◆ TASK DESCRIPTION:
Reproduce the lines below exactly. Skip images.

◆ INFORMATION SUPPLIED:
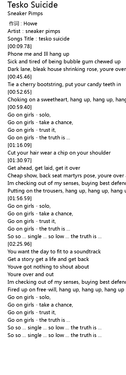 | [00:03.95] | Songs Title:tesko suicide |
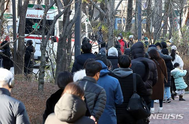 [서울=뉴시스] 백동현 기자 = 코로나19 신규 확진자가 5,128명으로 집계된 5일 오후 서울 서초구보건소 선별진료소에서 시민들이 검사를 받기 위해 대기하고 있다. 2021.12.05. livertrent@newsis.com
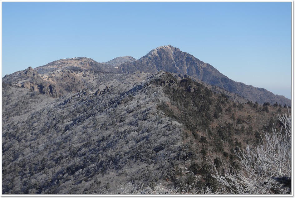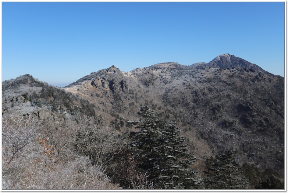 ▼ 뒤돌아 본 풍경...멀리 천왕봉으로 부터 제석봉, 연하봉이 한눈에 들어온다.

◆ WRITTEN RESPONSE:
 | [00:03.95] | Songs Title:tesko suicide |
 [서울=뉴시스] 백동현 기자 = 코로나19 신규 확진자가 5,128명으로 집계된 5일 오후 서울 서초구보건소 선별진료소에서 시민들이 검사를 받기 위해 대기하고 있다. 2021.12.05. livertrent@newsis.com
 ▼ 뒤돌아 본 풍경...멀리 천왕봉으로 부터 제석봉, 연하봉이 한눈에 들어온다.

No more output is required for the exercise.